A Polícia Federal pediu autorização para cumprir mandados de busca e apreensão em endereços de Marun e de sua chefe de gabinete, Vivianne de Melo, mas a Procuradoria-Geral da República entendeu que, por ora, não havia provas de que o emedebista integrava a organização criminosa.

No despacho de sexta (29) em que afastou do cargo o ministro do Trabalho, Helton Yomura, o ministro do STF (Supremo Tribunal Federal) Edson Fachin, relator das investigações da Operação Registro Espúrio, concordou com o posicionamento da PGR, mas destacou trechos que reforçam suspeitas sobre Marun.

Em suas manifestações ao Supremo, a PF e a PGR apontaram que materiais apreendidos anteriormente pela Registro Espúrio, como mensagens de celular, mostram que Marun “se vale de sua força política para solicitar concessões de registros das entidades [sindicais] de seu interesse”.

Há conversas entre a chefe de gabinete de Marun, Vivianne, e Renato Araújo Júnior, ex-coordenador de Registro Sindical do Ministério do Trabalho atualmente preso, que, para os investigadores, evidenciam as demandas do ministro da Secretaria de Governo dentro do Ministério do Trabalho.

foto: Valter Campanato/Agência Brasil

foto: Valter Campanato/Agência Brasil

Em relatório, os investigadores registraram que, em 23 de maio deste ano, Júlio de Souza Bernardo, o Júlio Canelinha, chefe de gabinete do ministro do Trabalho preso nesta quinta (5), enviou uma mensagem a Araújo Júnior na qual pediu que um despacho no Diário Oficial da União fosse revertido para atender a um pleito de Marun. A publicação contrariava interesses do ministro.

O despacho retirava o termo “cooperativas” do Sindicato dos Trabalhadores nas Indústrias e Cooperativas de Carnes de Derivados, Indústrias da Alimentação de São Gabriel do Oeste (Sintrael), em Mato Grosso do Sul, base eleitoral do ministro.

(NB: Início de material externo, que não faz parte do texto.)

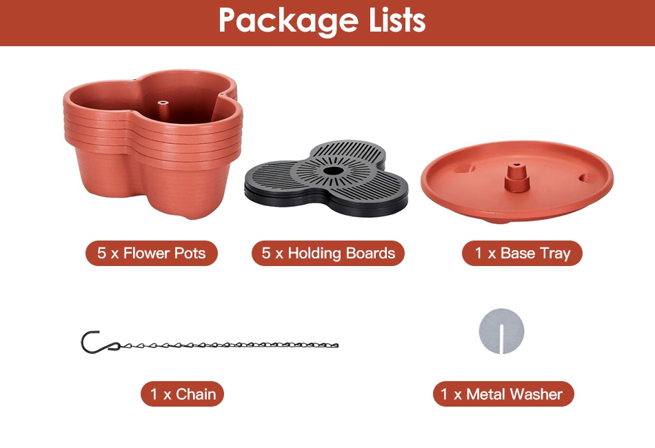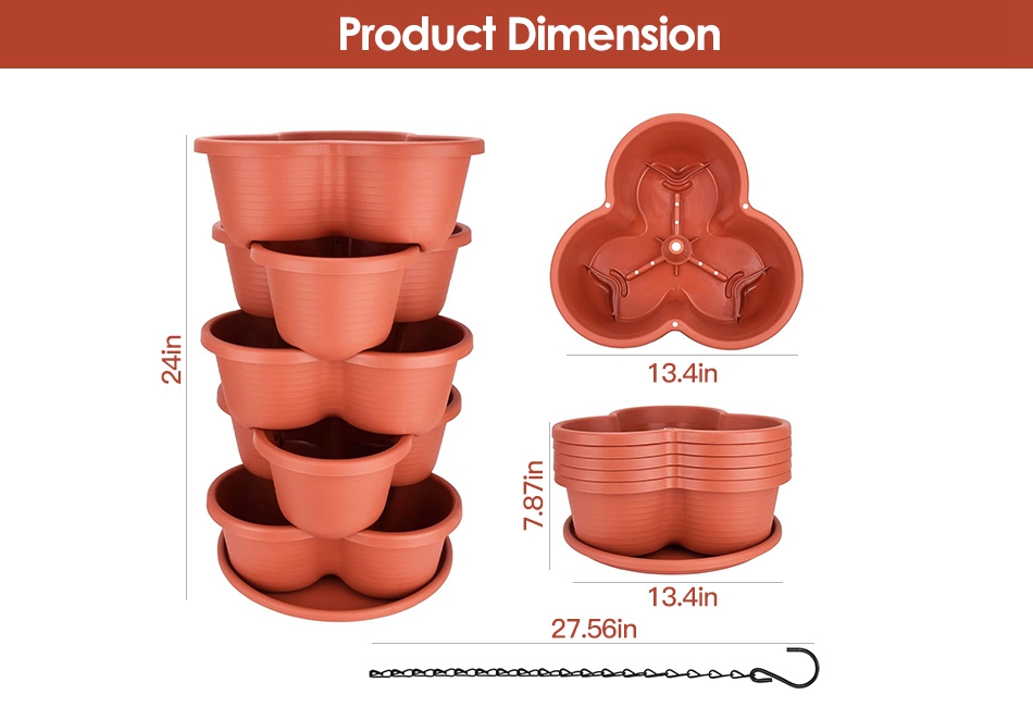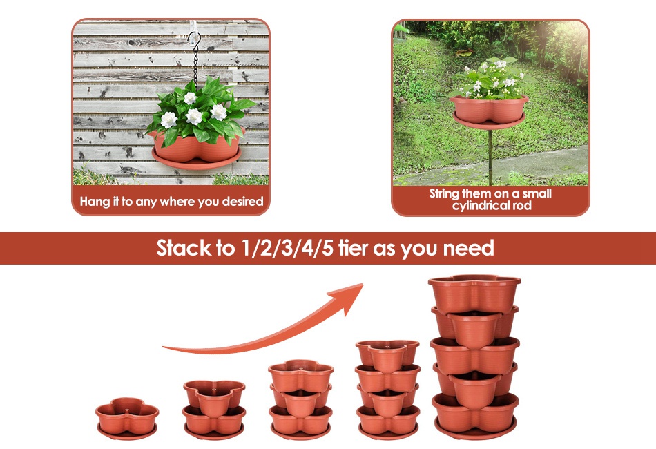 - Different Combinations:Thanks to the special stackable design,you can stack these 5 flower pot as you desired. You can stack it to 2/3/4/5 tier as you need. Besides,you can also hang it to anywhere you like with the included hanging chain and metal washer,or string them on a small cylindrical rod.
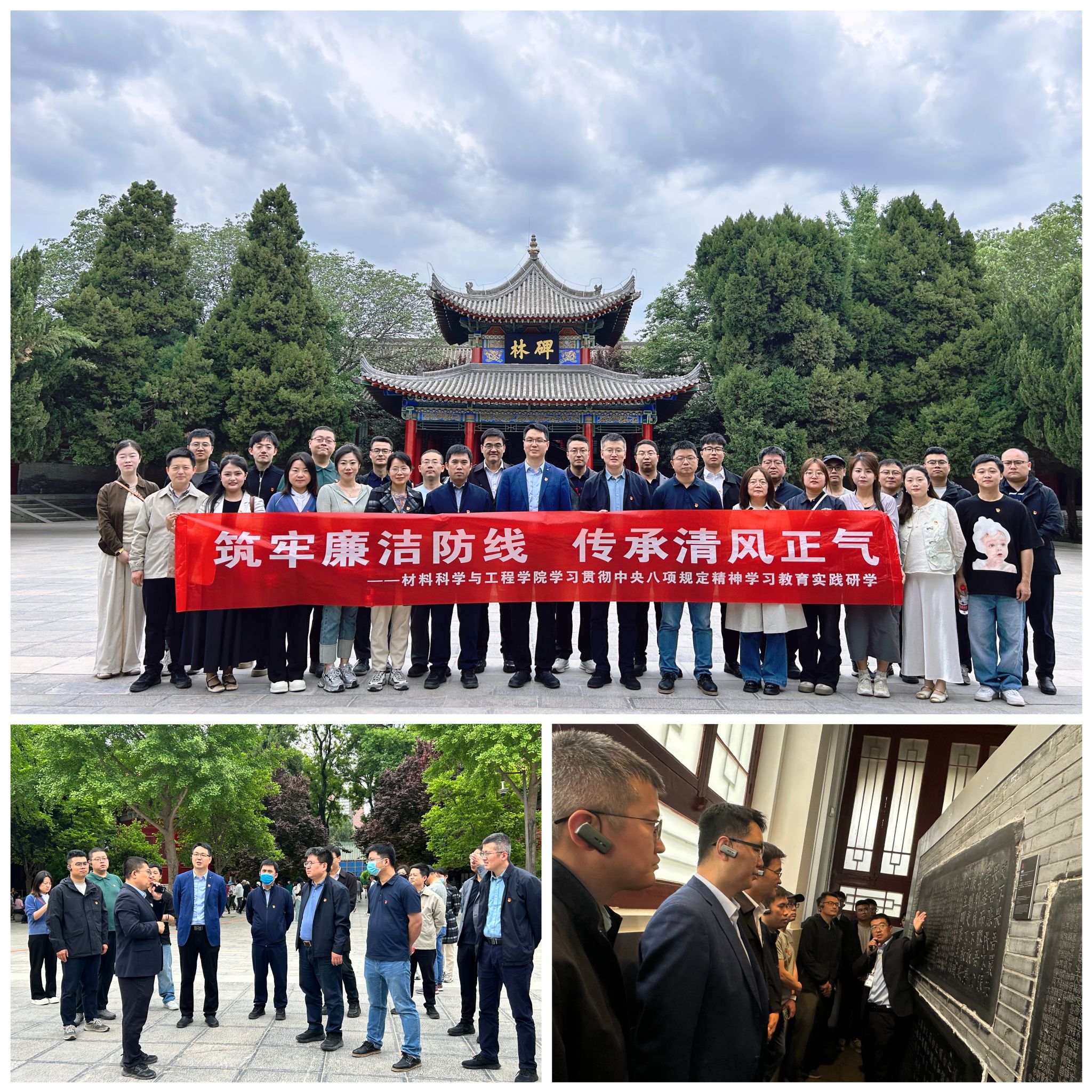 为深入贯彻中央八项规定精神学习教育,推进党纪学习教育常态化长效化,4月27日上午,材料科学与工程学院党委组织领导班子成员、党委委员、纪委委员、党支部书记、系主任和行政党支部赴西安碑林廉政教育基地(西安碑林博物馆)开展“筑牢廉洁防线传承清风正气”主题实践研学活动。

Também excluía a cidade de São Gabriel da base territorial do Sindicato Estadual dos Trabalhadores Celetistas nas Cooperativas no Mato Grosso do Sul (Sintracoop-MS).

Conforme mensagens do ministro Yomura com auxiliares, interceptadas na operação, a decisão publicada no Diário Oficial era para atender aos interesses do Solidariedade em Santa Catarina, mas desagradou a Marun.

A PF registrou que, em mensagem de 25 de maio de 2018, Júlio Canelinha retornou ao assunto das demandas repassadas por Marun, pedindo informações sobre o que já havia sido resolvido.

“Percebe-se que, pela insistência, Júlio Canelinha está sendo cobrado para dar celeridade nos processos de interesse do ministro Marun, pressionando Renato a priorizar tais processos”, diz o relatório.

“Os interesses políticos norteiam os trabalhos da Secretaria das Relações do Trabalho, contaminando todo o processo de concessão de registros sindicais, com fins de recebimento de vantagens, sejam elas políticas ou econômicas”, acrescentou.

OUTRO LADO

Marun e sua assessoria não atenderam aos telefonemas da reportagem.

O advogado Breno Valadares, que integra a defesa de Yomura, disse que todas as medidas tomadas pelo ministro “estão em conformidade com a lei e com o interesse público”.

A reportagem não localizou representantes de Renato Araújo Júnior e Júlio de Souza Bernardo, o Júlio Canelinha.